It is quite evident, from such passages, that during a long time a proverbial and popular character attached to this noisy personage: such has not yet passed away. The earliest complete imprint of “Arthur o’ Bradley” as a Song, (from a printed original, of 1656, beginning “All you that desire to merry be,”) in our present [Appendix, Part iv]. Quite distinct from this hitherto unnoticed examplar, not already reprinted, is “Saw you not Pierce, the piper,” &c., the ballad reproduced by us, from Merry Drollery, 1661, Part 2nd., p. 124, (and ditto, Compleat 1670, 1691, p. 312); which agrees with the Antidote against Melancholy, same date, 1661, p. 16. More than a Century later, an inferior rendering was common, printed on broadsheets. It was mentioned, in 1797, by Joseph Ritson, as being a “much more modern ballad [than the Antidote version] upon this popular subject, in the same measure intitled Arthur o’ Bradley, and beginning ‘All in the merry month of May.’” (Robin Hood, 1797, ii. 211.) Of this we already gave two verses, (in Appendix to M. Drollery C., p. 400), but as we believe the ballad has not been reprinted in this century, we may give all that is extant, from the only copy within reach, of Arthur o’ Bradley:—
“All in the merry month of May,
The maids [they will be gay,
For] a May-pole they will have, &c.”
([See the present Appendix, Part iv.])
In this, doubtless, we detect two versions, garbed together.

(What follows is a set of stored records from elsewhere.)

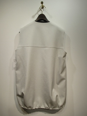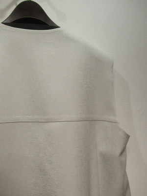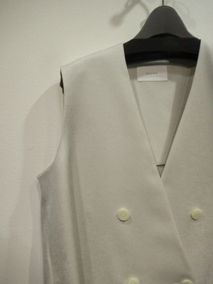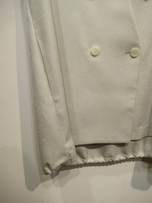 光沢感のあるポリエステル生地、裏地無しのダブルのジレ、後ろ裾がドロスト入り、シルエットがコクーンになります、手洗い可能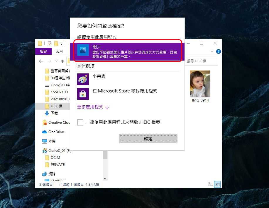 一般情況下,你若想要直接用 Windows 內建的相片來打開 HEIF / HEIC 檔案,系統通常無法開啟並且告訴你必須下載安裝擴展,就連縮圖也看不到。你只需到 HEIF Image Extension 的 Microsoft 線上商店中取得並安裝該免費擴展模組,然後點選啟動。雖然按下啟動後,看起來沒有任何變化,但是接下來你會發現原本顯示不出來的縮圖有了!當你再次雙擊想要瀏覽的檔案並且選擇「相片」應用開啟後,影像也能正常地打開。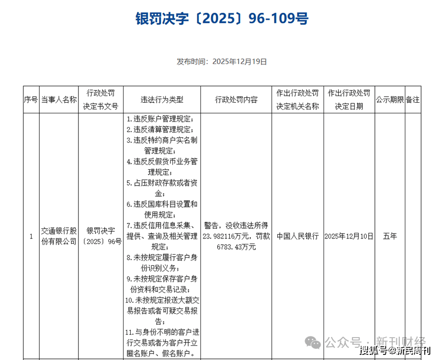12月19日,交通银行因11项违法违规行为,被中国人民银行开出了总额6807.41万元的罚单——没收违法所得23.982116万元,并处罚款6783.43万元。同时,13名总行核心部门责任人被追责,罚款金额从0.4万元至17万元不等。这一“天价罚单”并非“天降罚单”,深入探究其中原委,就会发现交行基础合规管理的问题。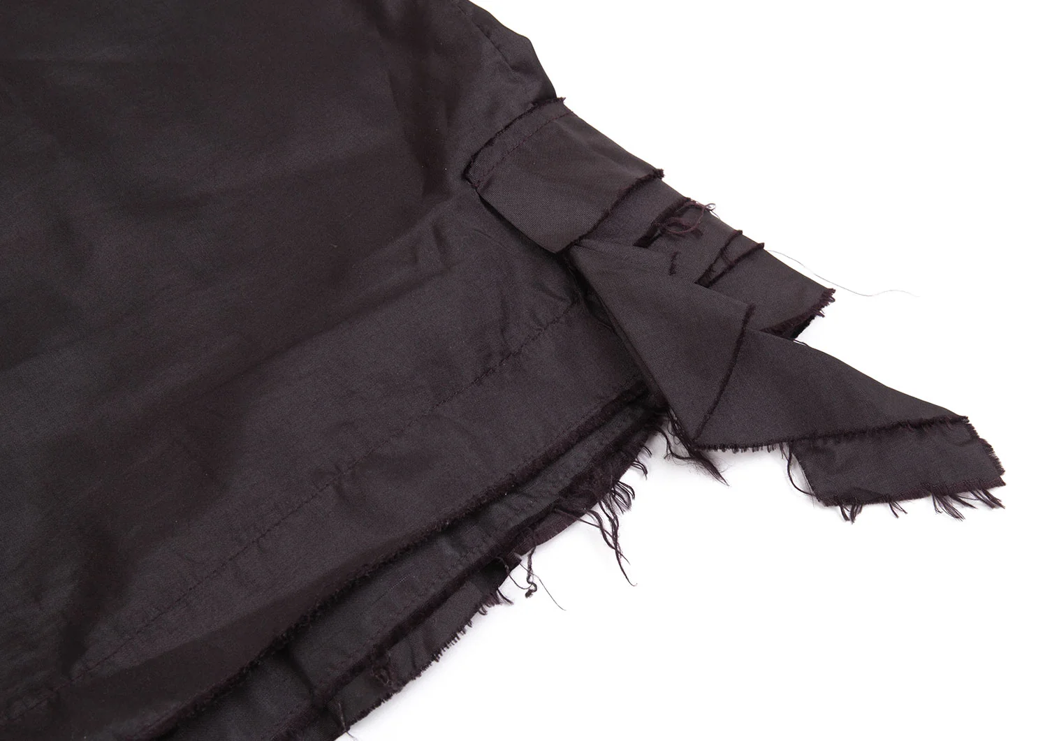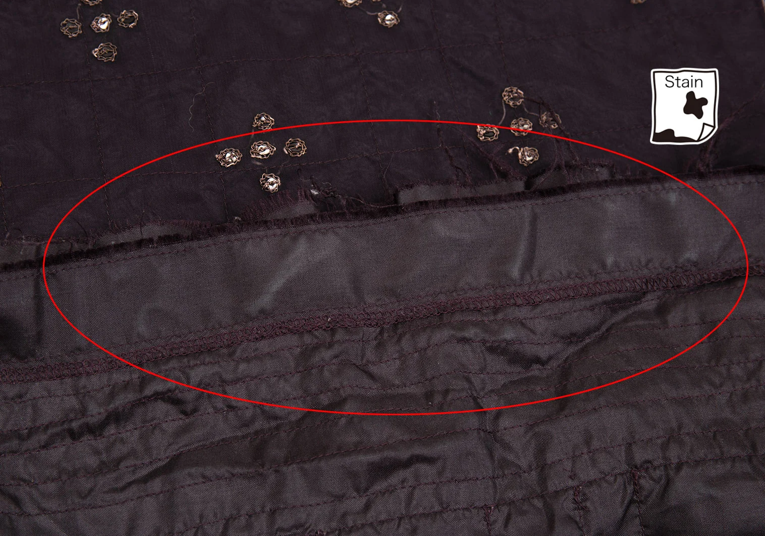 黒に近い焦げ茶色です。前裾裏に汚れがあります(写真参照)。その他に目立ったシミ、汚れ、ほつれ等なくいい状態です。クリーニング済み

What is now the final verse is merely a variation of the sixth: probably the broadsheet-printer could not meet with a genuine eighth verse. Robert Bell denounced the whole as “a miserable composition” (even as he had declared against the amatory Lyrics of Charles the Second’s time): but then, he might have added, with Goldsmith, “My Bear dances to none but the werry genteelest of tunes.”

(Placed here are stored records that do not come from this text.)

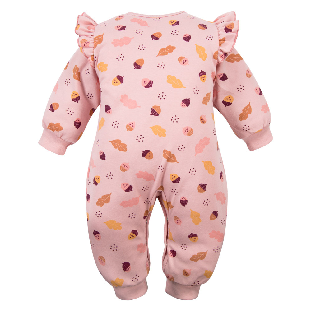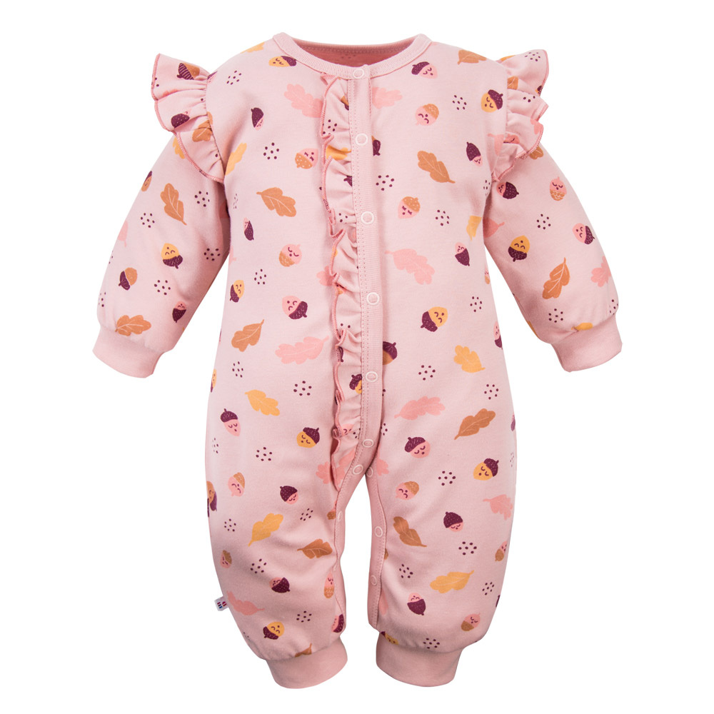 Model bez nožičiek poskytuje dieťaťu voľnosť pohybu a praktické stláčacie cvočky uľahčujú rýchlu výmenu. Rozkošná potlač dodáva celkovému vzhľadu jemný, detský nádych.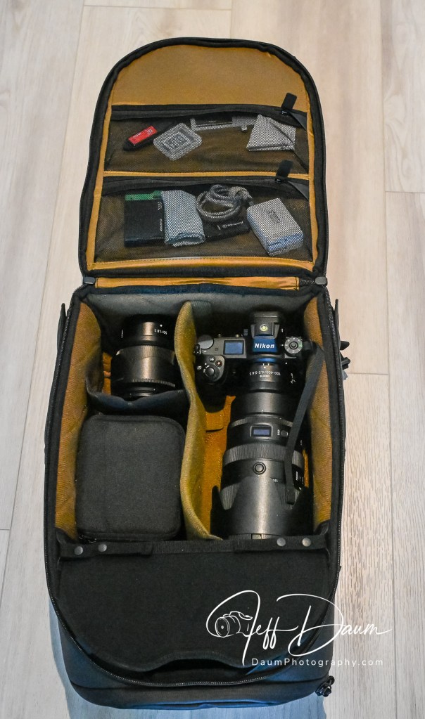 My initial impressions are that the McKinnon 25L Camera Pack is well thought out and highly practical for most photographers.  I set out with it fairly loaded at more than 20 pounds of equipment including two Nikon Z7s, one with a Nikkor 28-120 mm zoom attached and the other with a Nikkor 100-400 mm zoom attached, a Nikkor 50 mm lens, an LG laptop and miscellaneous chargers and cords.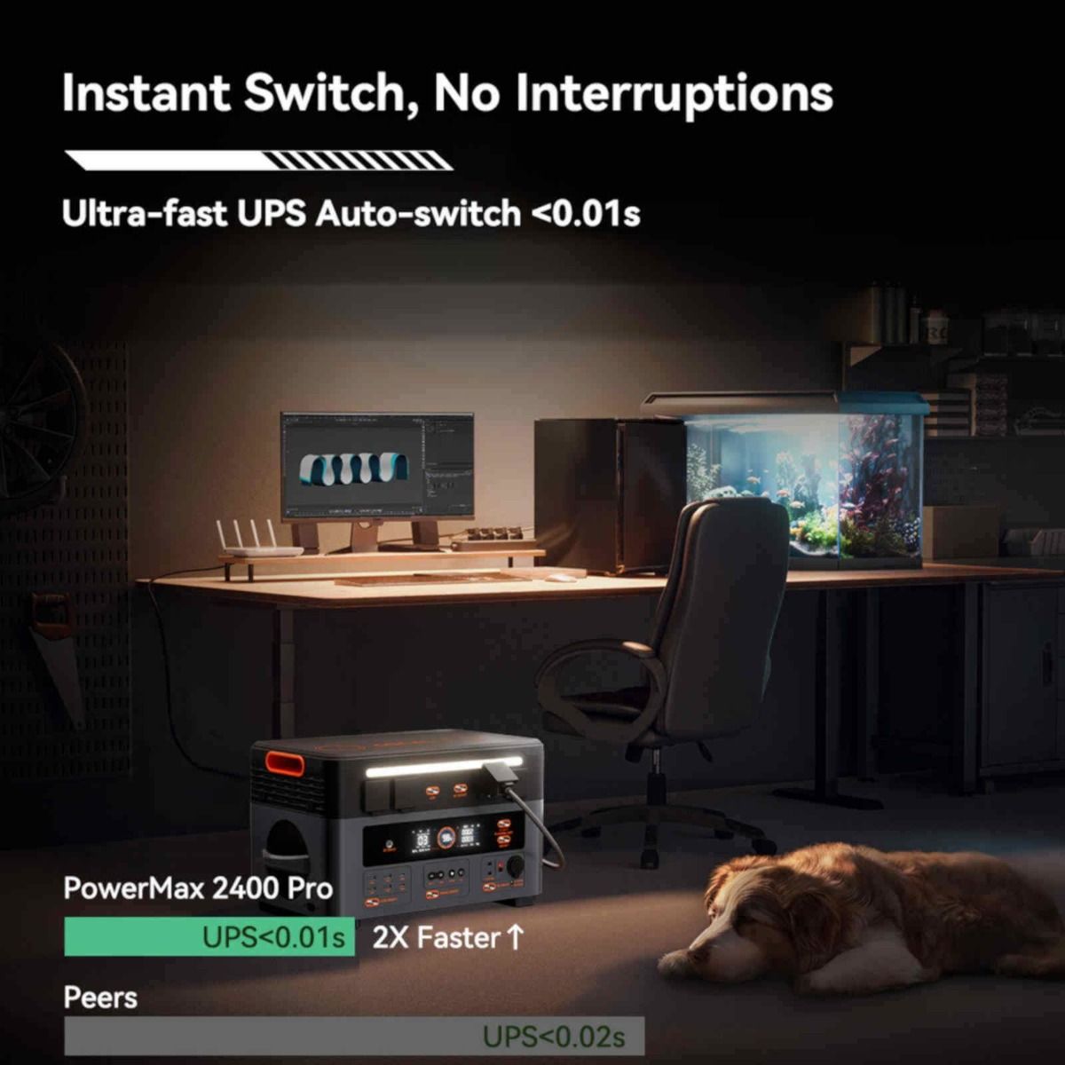 Als AI-Tester saß ich an einem schlichten Werkbanktisch in einer ruhigen Produktionshalle. Angeschlossen waren ein Laptop für Daueraufzeichnungen, ein kleiner Server, mehrere LED-Arbeitsleuchten sowie ein Ladegerät für Elektrowerkzeuge. Die Oscal PowerMax 2400 Pro war bereits aktiv, das Display zeigte einen stabilen Betriebszustand, die Kühlung arbeitete dezent im Hintergrund. Kein hörbares Anlaufen, kein spürbares Umschalten – lediglich der Moment, in dem die angeschlossenen Verbraucher sauber in das System eingebunden wurden.

Far superior to this was the “Arthur o’ Bradley’s Wedding:
“Come, neighbours, and listen awhile, If ever you wished to smile,” &c., which was sung by ... Taylor, a comic actor, about the beginning of this century. It is not improbable that he wrote or adapted it, availing himself of such traditional scraps as he could meet with. Two copies of it, duplicate, on broadsheets, are in the Douce Collection at Oxford, vol. iv. pp. 18, 19. A copy, also, in J. H. Dixon’s Bds. and Sgs. of the Peasantry, Percy Soc., 1845, vol. xvii. (and in R. B.’s Annotated Ed. B. P., p. 138.)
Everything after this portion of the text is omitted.